Crossing the Meadow Between Right & Wrong
Every month at BreakBread World, we publish a prompt. This month’s prompt is about right and wrong.
Between the fences of right and wrong, there’s a vast meadow flowered with questions, possibility and mystery.
What is right? What’s wrong? Tell a story of righteousness – either about your own or another’s.
Our prompts are the kind of questions that lead to more questions.
What do we do when what is right for me conflicts with what is right for you? How does what’s right or wrong for an individual conflict or align with what might be right or wrong for the wider community, society, or planet? Are there universal “rights” and “wrongs” that are inherent and unassailable?
Martin Luther King Jr. said:
“The arc of the moral universe is long, but it bends toward justice.”
Believing in a moral universe implies a belief that there are higher principles guiding us and our decisions. If you disagree, then what are the determinants of right and wrong for you?
The question of right and wrong points to another question: how does one lead a good life? Or what does it mean to live life as a good person? This is not to be confused with “the good life” as defined by a sense of having achieved a level of material comfort and success. Essential to being a “good” person or leading a “good” life is to have a sense of what’s right and wrong.

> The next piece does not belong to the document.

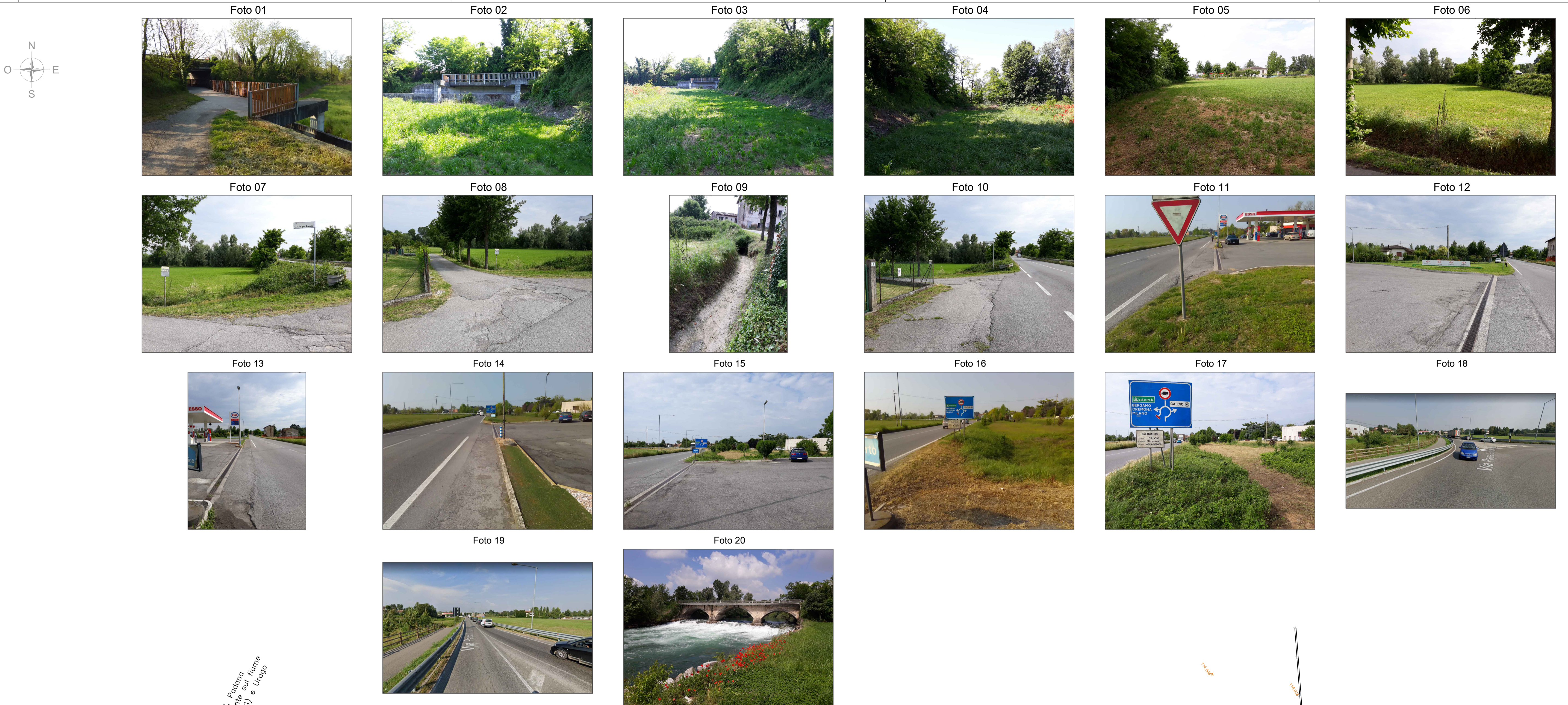
I rilievi sono integrati con quelli forniti dalla committenza, elaborati da GON S.r.l. S.t.p. — Confine comunale

Living together in family, community, or society necessitates boundaries and guidelines. This is part of culture — the rules: spoken and unspoken. In a fractured globalized society rich with diversity, who holds the moral compass? Where do we turn to for moral leadership? You could say religion offers this moral compass. Yet, we’ve seen throughout history how the religious fences of right and wrong can become walls of righteousness planting the seeds for fundamentalist fortresses that spring us into witch hunts, inquisitions, crusades, and genocides. We in the United States have separation of church and state and in theory, practice the rule of law. But just because something is technically legal does not necessarily mean it’s morally right.
Is the market capitalism that guides so many of our societal decisions, moral? Has self-interest and money in the form of profit become the arbiter of right and wrong?

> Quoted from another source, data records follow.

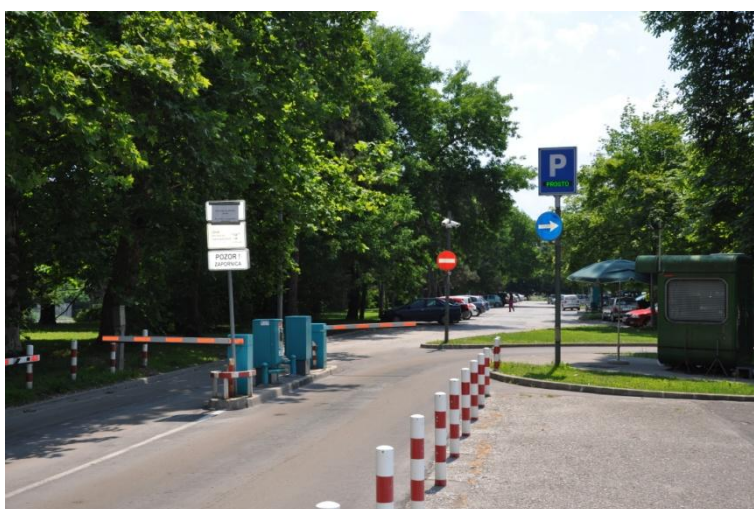
Slika 4: Parkirišče Tivoli II.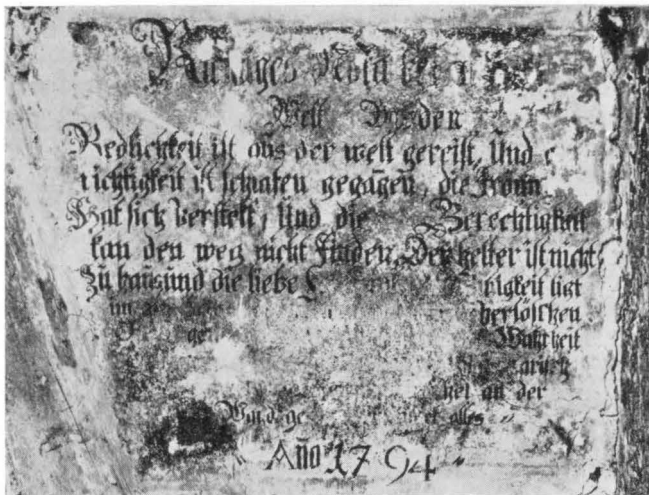
Hausinschrift in Wangen, bei der Renovation 1959 entdeckt

densten, nicht eingearbeiteten, meist freierwerbenden Zeichnern in die Reinzeichnung umgearbeitet werden. Umso höher wissen wir die durch das Landesmuseumsgesetz unterbaute Einrichtung zu schätzen, dass die Denkmalpflege im Kanton und Stadt Zürich von der erheblichen Aufgabe der Konservierung und Restaurierung der Bodenfunde entlastet ist. Der Aussenstehende hat kaum die Möglichkeit zu ermassen, welche organisatorischen, arbeitstechnischen und finanziellen Lasten dadurch dem Kanton erspart werden.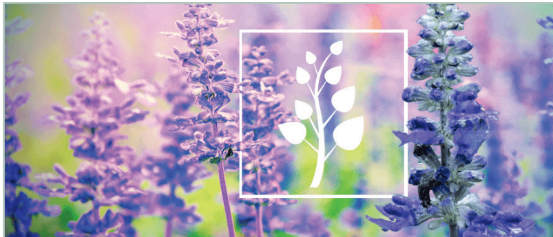
Poliplant Pieles Grasas está compuesto por fucus, bardana, berro, hidra, limón, salvia y saponaria.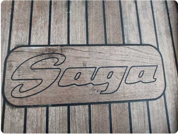
Saga 390 HT.jpg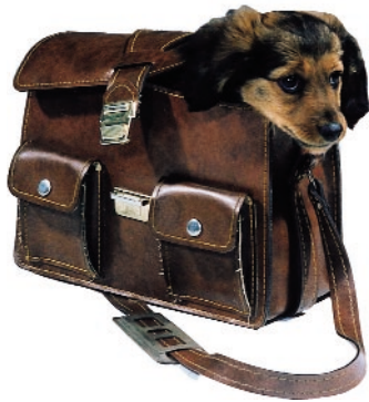
Auch für den kleinsten Hund muss man Steuern zahlen

Bruttoeinkommen minus Abgaben = Nettoeinkommen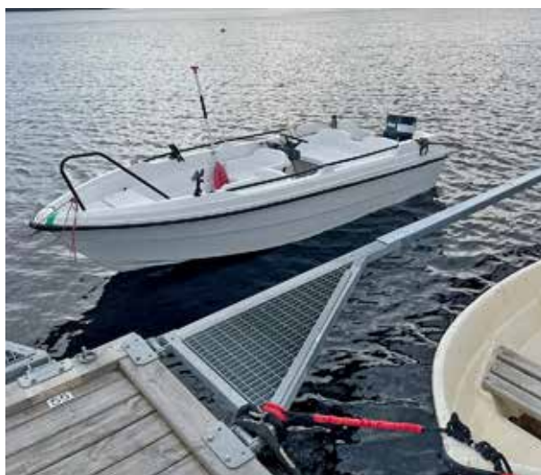
Olovlig förtöjning vid Sydbryggan.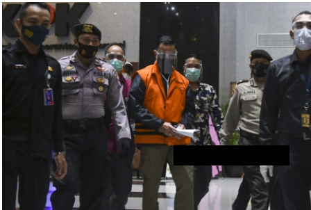
Menteri Sosial Juliari P. Singalinga berjalan menuju mobil tahanan usai menjalani pemeriksaan di Gedung Komisi Pemberantasan Korupsi (KPK), Jakarta, Minggu (6/12/2020). KPK menahan Menteri Juliari P. Singalinga yang telah ditetapkan sebagai tersangka atas dugaan menerima suap terkait pengalangan bantuan sosial penanganan COVID-19 di Kementerian Sosial usai Operasi Tangkap Tangan (OTT) pejabat Kemensos.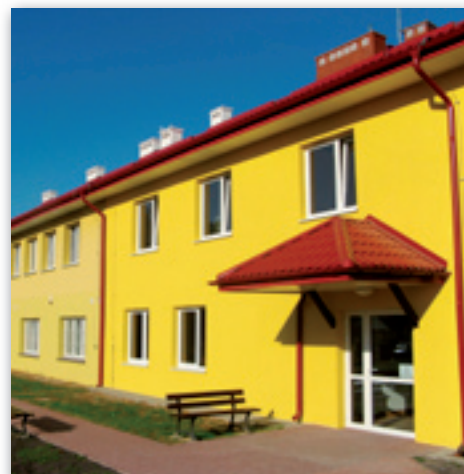
Nowe wejście do budynku Urzędu Gminy

Zmienia się także otoczenie wokół budynku – usunięto część drzew, ułożone zostały chodniki, częściowo wymieniono ogrodzenie i ustawiono ławki.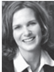
lic. iur. Evi Allemann Nationalrätin Bern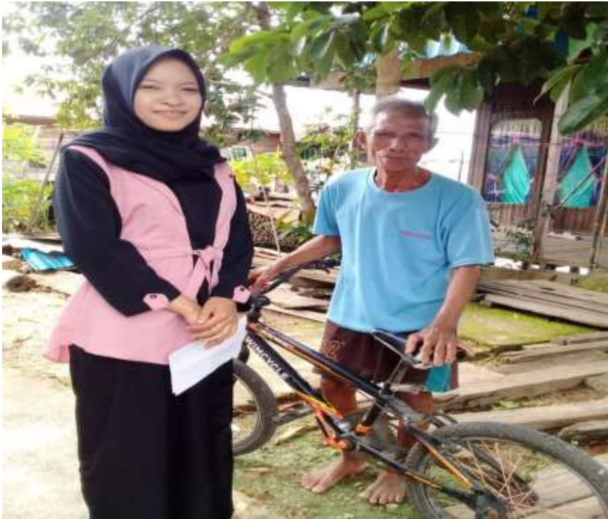
Wawancara dengan tokoh masyarakat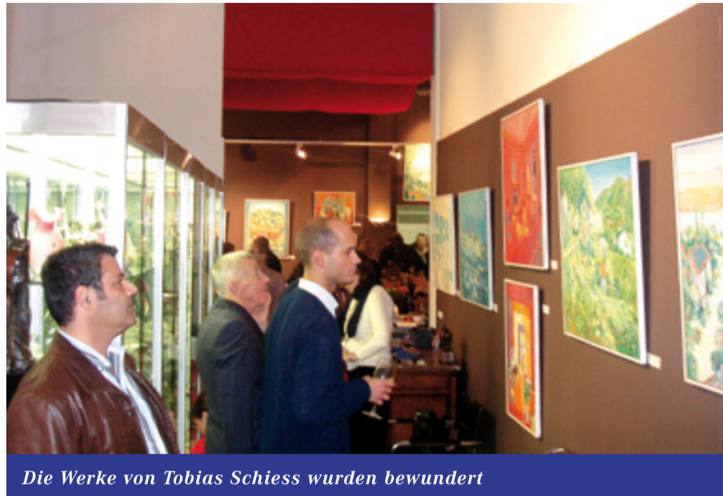
Die Werke von Tobias Schiess wurden bewundert

«Tobias Schiess» Den Zürichsee Auktionen war es gelungen den ganzen Nachlass des vor kurzem verstorbenen Malers Tobias Schiess auszustellen. Die über 50 Ölbilder und die vielen Zeichnungen und Gouachen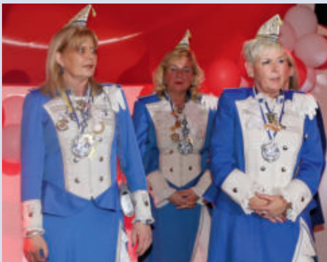
Das Damendreigestirn 2021 aus den Reihen der Funken Blau-Weiß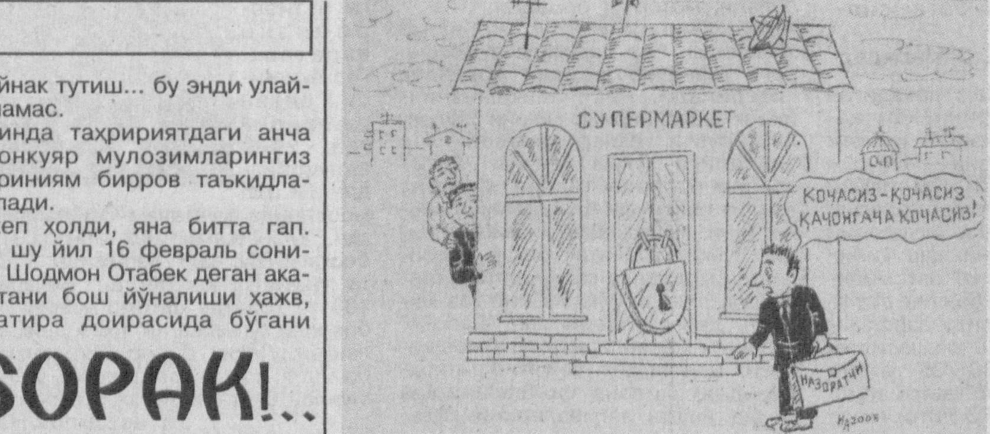
Сўзсиз сурат А.ҲАКИМОВ чизган

Оташ ХОБОНИ. Қишлоқдошлари мактубини тахририятга элтиб бериучи Абдунаби БОЙКЎЗИЕВ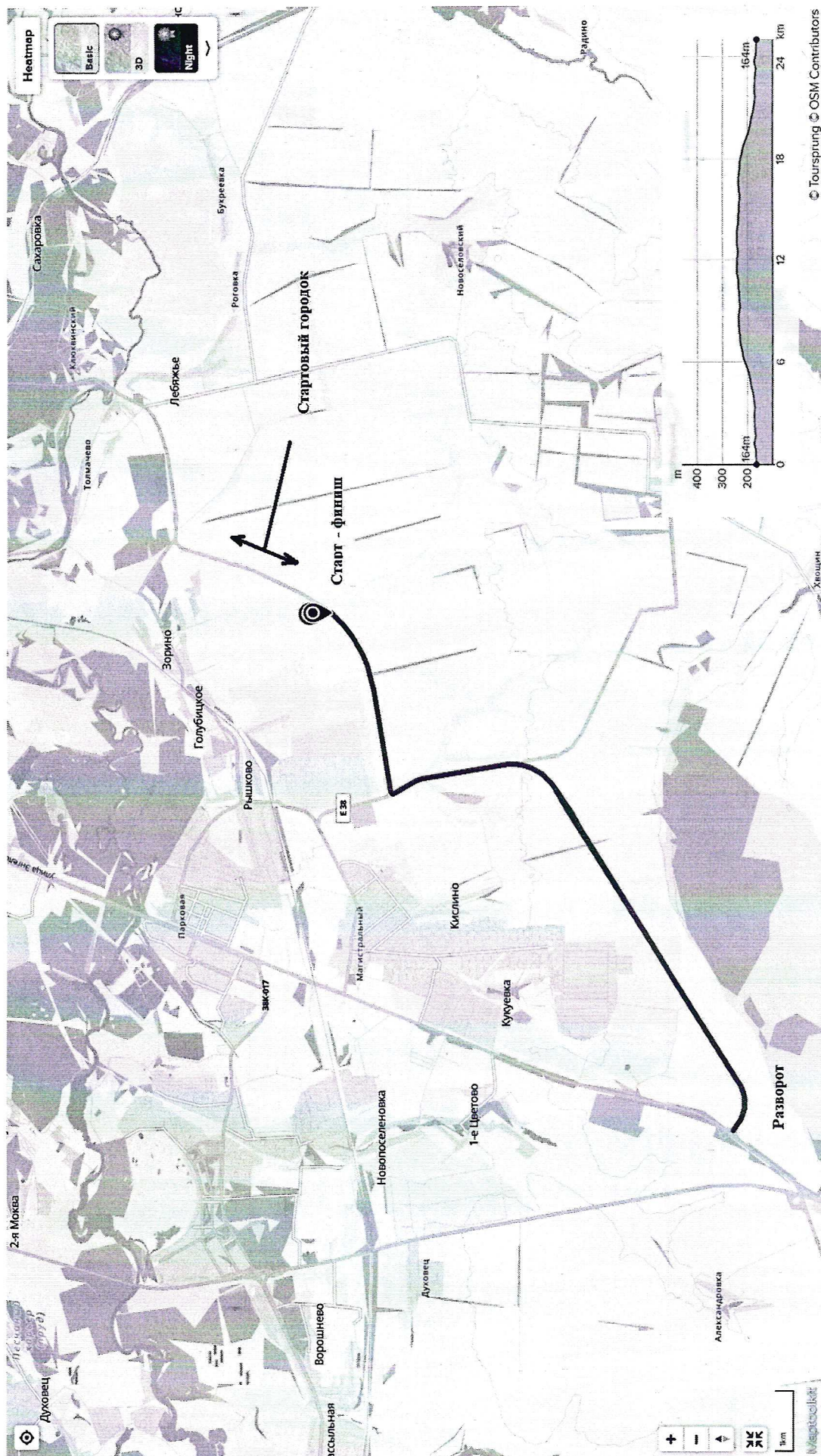
Схема маршрута индивидуальной гонки.

It’s not only free markets but also new technologies that are sometimes accompanied by moral arguments claiming to foster more equality, empowerment, and justice.
These were some of the hopes expressed in the nascency of the Internet, social media, cryptocurrency, blockchain and now even AI. Now we have algorithms trawling through our personal data dressed in a moral veneer of efficiently delivering products and services catered to our specific individualistic needs and desires. Is efficiency, convenience and profit moral?
In search of justice, social initiatives and organizational frameworks to address systemic inequalities and advocate for the rights of marginalized communities attempt to balance the scales of justice. Affirmative action and DEI are both examples of attempts to instill moral order in our institutions. They are both now demonized as immoral by the current administration which seems to place unquestioned loyalty in strongmen as their moral north star. What’s right? What’s wrong? Who’s good and who’s bad?
What about an internal compass? Can we rely on ourselves to follow some internal sense of right and wrong?
This puts us in the land of preference, opinion, and identity, none of which can serve as absolutes – even for ourselves.
Journalist Walter Lippmann said:
“if what is right and wrong depends on what each individual feels, then we are outside the bounds of civilization”.
That internal compass works fine until it meets up with another’s compass pointing in a different direction. What do we do when what is right for me conflicts with what is right for you? Individual, collective, people, planet — who decides and how?
Welcome to the vast meadow flowered with questions, possibility and mystery.